Earlier this year, the First Secretary of State, Damien Green, caused rather a stir when he claimed that the Conservatives must "change hard" to win over young voters.  Mr Green seemingly conceded that something would have to be done about tuition fees, given how well Labour’s policy was received by young people, causing the majority of them to vote for Labour.


Green is right to point out that something needs to be done about tuition fees. One supposes that the Tories will not go as far as abolition of fees, but certainly a reduction of them could be explored. However, whilst it was his remark on tuition that caused the most controversy, the wider context of his speech – namely, how to get young people to vote Tory – is the more important lesson for the Party.

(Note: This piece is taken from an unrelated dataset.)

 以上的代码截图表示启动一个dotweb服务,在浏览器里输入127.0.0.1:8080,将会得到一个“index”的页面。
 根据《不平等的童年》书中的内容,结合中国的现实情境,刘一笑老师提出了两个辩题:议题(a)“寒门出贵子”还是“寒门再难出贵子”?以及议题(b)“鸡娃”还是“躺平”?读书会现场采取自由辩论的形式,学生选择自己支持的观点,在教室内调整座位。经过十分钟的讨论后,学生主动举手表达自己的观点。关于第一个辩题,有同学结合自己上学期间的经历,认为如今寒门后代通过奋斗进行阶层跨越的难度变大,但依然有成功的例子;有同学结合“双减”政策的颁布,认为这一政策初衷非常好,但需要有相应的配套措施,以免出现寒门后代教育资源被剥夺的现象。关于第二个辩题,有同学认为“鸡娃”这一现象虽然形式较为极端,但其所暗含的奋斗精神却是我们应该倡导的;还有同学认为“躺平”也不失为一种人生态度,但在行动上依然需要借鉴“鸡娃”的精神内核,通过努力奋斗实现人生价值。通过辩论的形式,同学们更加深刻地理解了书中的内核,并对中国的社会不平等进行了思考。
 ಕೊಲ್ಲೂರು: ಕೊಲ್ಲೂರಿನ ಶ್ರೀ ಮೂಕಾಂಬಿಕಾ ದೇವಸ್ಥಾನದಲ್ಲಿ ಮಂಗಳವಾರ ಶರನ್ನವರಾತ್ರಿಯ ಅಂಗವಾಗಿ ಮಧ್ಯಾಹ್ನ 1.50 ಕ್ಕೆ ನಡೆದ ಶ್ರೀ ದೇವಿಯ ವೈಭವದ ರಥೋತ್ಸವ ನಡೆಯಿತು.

The Tories do not appeal to young people, for reasons that go far beyond tuition fees. 


The party’s current stance on immigration is at odds with many politically-engaged youngsters - the majority of who are pro-immigration. The Tories' environmental record is less than stellar, and on climate change, the Party lags behind not only Labour, but the Greens and Lib Dems too. Past stances on gay and minority rights, the Tories current position on Brexit, racist remarks made by various MPs – the list goes on as to why many young people simply aren’t turning out to canvass and vote for their local Tory candidate.

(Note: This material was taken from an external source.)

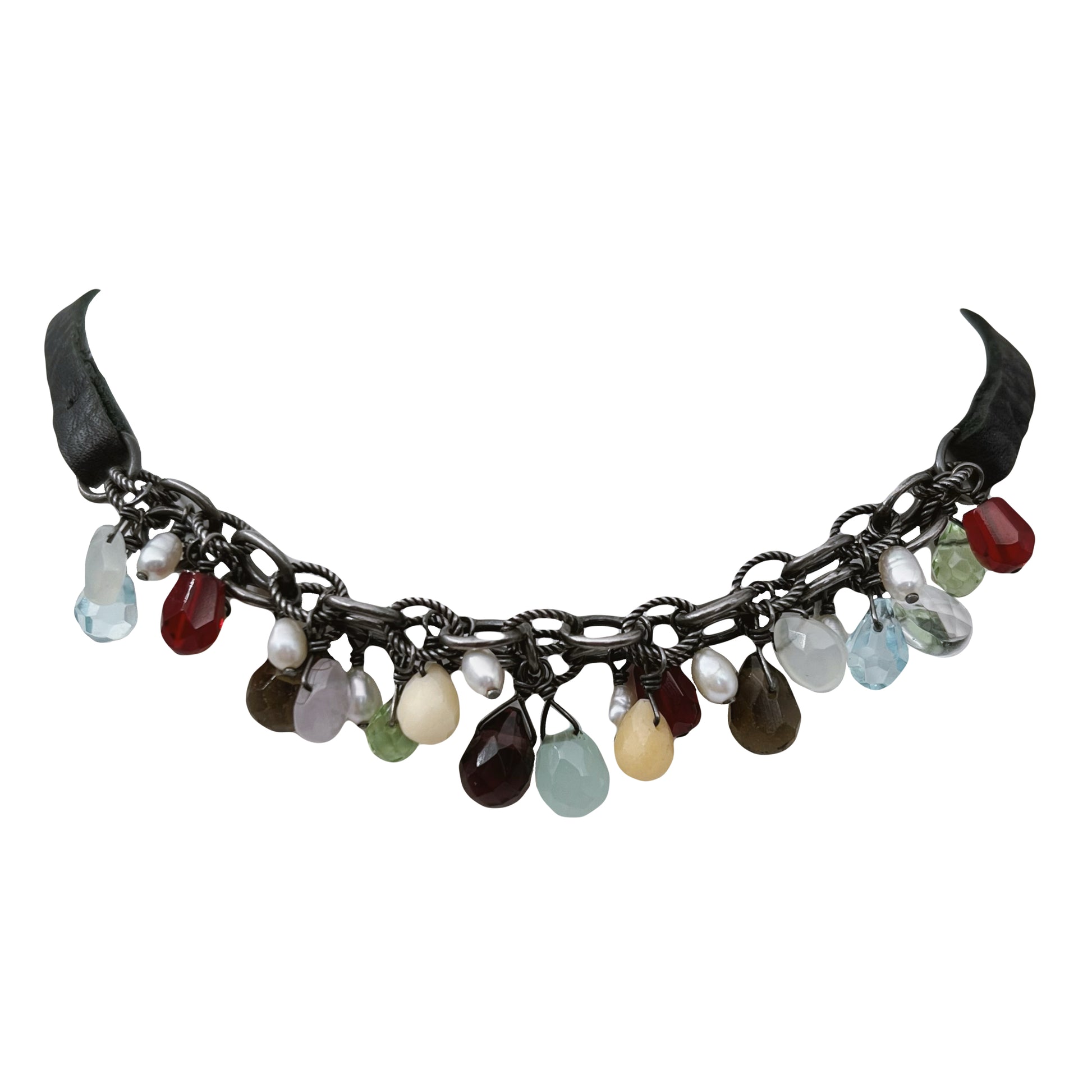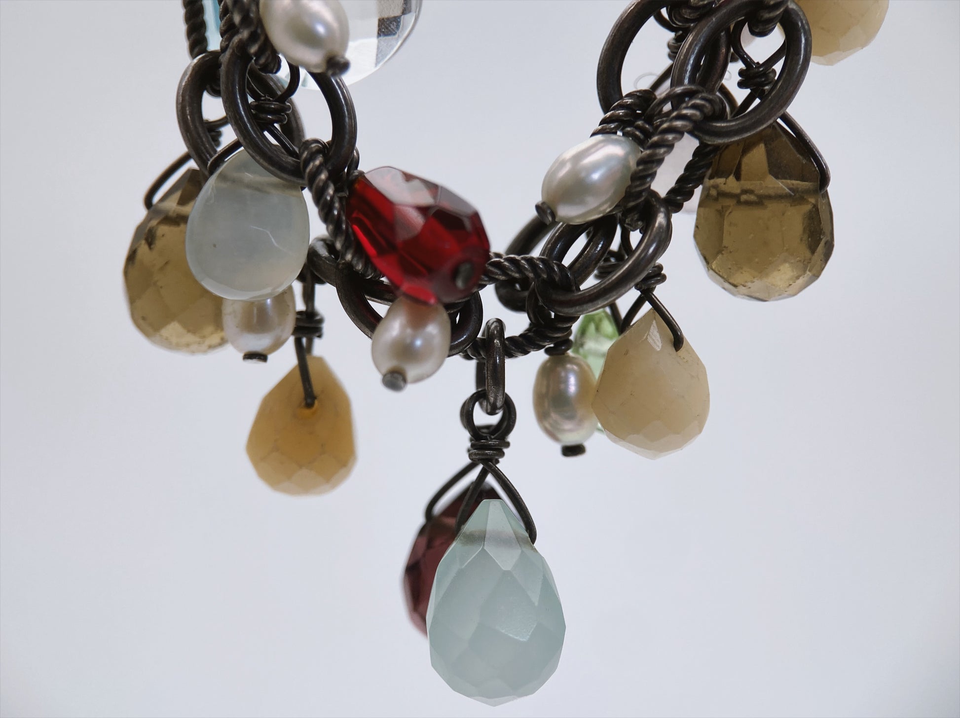 Šis vėrinys yra meniško, rankų darbo stiliaus su įvairių spalvų lašo formos pakabučiais iš natūralių ir dirbtinių akmenų bei perlų. Supintas metalas ir pakabukai rodo kruopštų meninį rankų darbą. Mišrus natūralių akmenukų ir perlų derinys – granatas, aventūrinas, kvarcas, chalcedonas, „keshi“ tipo gėlavandeniai perlai. Tai gali būti vienetinis arba riboto leidimo kūrinys, pagamintas juvelyro ar mažos studijos.

Those Tory MPs that are at least somewhat respected by young people are those on the party’s liberal, centrist, pro-European wing. Kenneth Clarke for example, is seen as a respected, wise and measured figure within a Party that seems to be ever more in danger of drifting further to the right. However, his age leads many to wonder how long he will continue in Parliament.


Thus, if the Tories are serious about wanting to appeal to the youth, they need to look at their female backbenchers and allies. Heidi Allen, MP for South Cambridgeshire, is well respected for her willingness to criticise her leader quite openly, especially regarding Donald Trump’s ‘Muslim Ban’, and the racist comments made Anne-Marie Morris. Anna Soubry is well-liked for her criticisms, not only of Theresa May’s decision to call an early general election, but also for her impassioned speeches on the EU, as well as her support of immigration.


Of all the women associated with the Conservatives, it is Ruth Davidson, leader of the Scottish Tories, that often receives the most plaudits. Her demeanour is professional yet relaxed, her stances on social issues like gay marriage and women’s rights chime well with young voters, and her performance during the EU Referendum last June, where she gave many an impassioned speech on the need to remain in the EU, whilst also attacking Andrea Leadsom and Boris Johnson, won her much praise.


However, focusing on individuals is not enough. There needs to be palpable policy change too. The Tories should look to the likes of the VVD in the Netherlands, the CDU in Germany, and the various other moderate centre-right parties found in places like Finland or Norway. These parties manage to marry fiscal conservatism with support for the EU, gay rights, fairly open immigration laws, a more environmentally-conscious image and, more importantly, a supportive welfare state that aids those most in need.


It is uncertain whether the party shall go down such a route. There are individuals within the party who could make a move, get lucky, and end up being in contention for the leadership position when Theresa May eventually departs from No. 10. However, with the party bitterly divided over their approach to Brexit, one thinks that if the party did adopt the policies of various moderate parties in Europe, it would likely create a split. After all, the majority of young people do not want Brexit to happen.


Perhaps the question we should be asking is this: Can the Tories ever appeal to young people, or are divisions on issues like Brexit so deep that it would take a new party, rather than a new image,  to get young people to support conservativism?